How to complete this task:
Nothing but a verbatim copy of the data, minus the images, should be returned.

Source data:

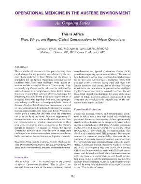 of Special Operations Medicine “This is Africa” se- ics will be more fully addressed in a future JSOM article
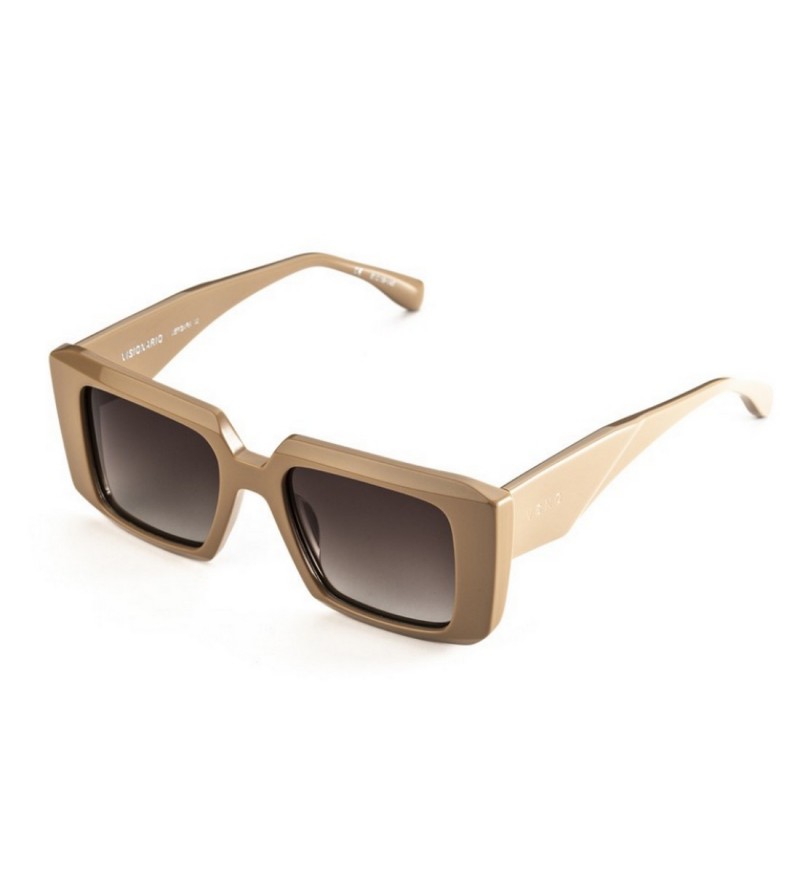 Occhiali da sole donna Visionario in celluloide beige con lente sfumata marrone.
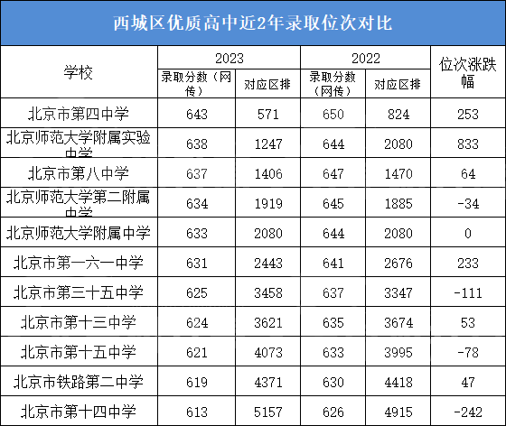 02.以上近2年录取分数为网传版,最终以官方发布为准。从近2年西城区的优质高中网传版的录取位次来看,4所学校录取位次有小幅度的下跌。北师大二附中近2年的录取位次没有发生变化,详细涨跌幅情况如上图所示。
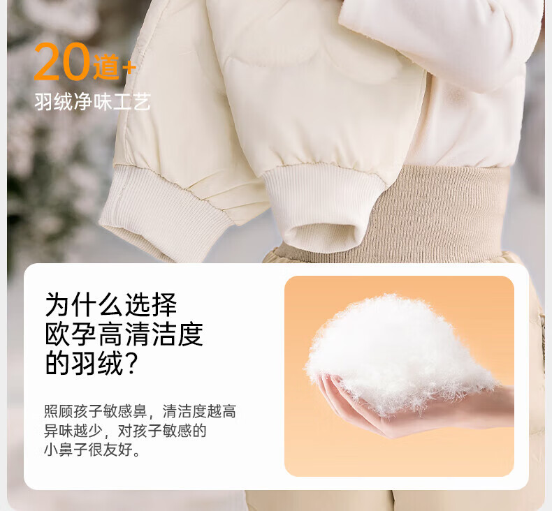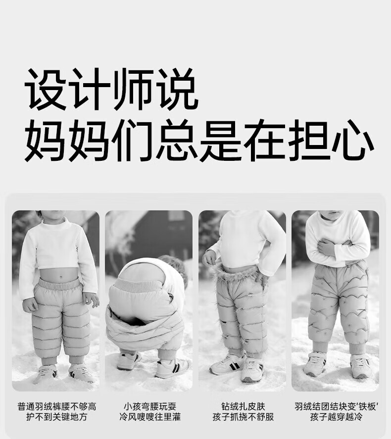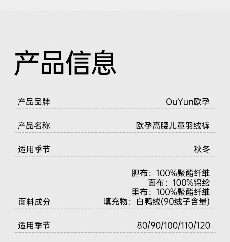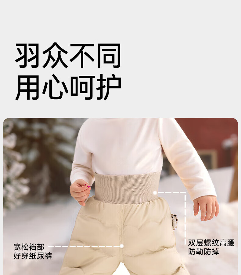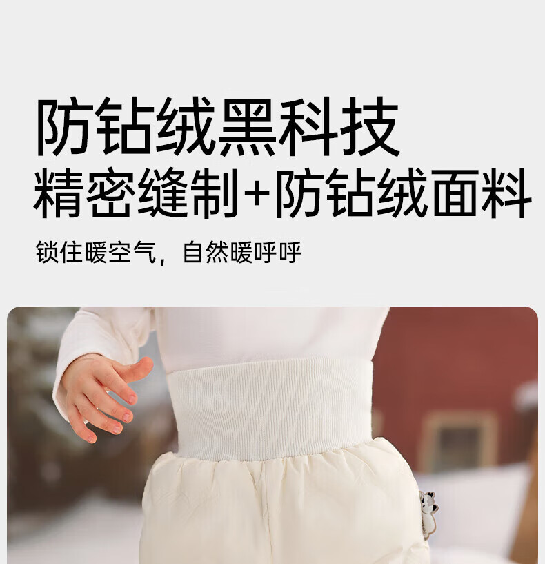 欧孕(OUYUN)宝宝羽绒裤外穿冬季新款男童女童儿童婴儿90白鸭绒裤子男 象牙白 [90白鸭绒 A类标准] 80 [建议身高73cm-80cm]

Task solution:
 of Special Operations Medicine “This is Africa” se- ics will be more fully addressed in a future JSOM article
 Occhiali da sole donna Visionario in celluloide beige con lente sfumata marrone.
 02.以上近2年录取分数为网传版,最终以官方发布为准。从近2年西城区的优质高中网传版的录取位次来看,4所学校录取位次有小幅度的下跌。北师大二附中近2年的录取位次没有发生变化,详细涨跌幅情况如上图所示。
 欧孕(OUYUN)宝宝羽绒裤外穿冬季新款男童女童儿童婴儿90白鸭绒裤子男 象牙白 [90白鸭绒 A类标准] 80 [建议身高73cm-80cm]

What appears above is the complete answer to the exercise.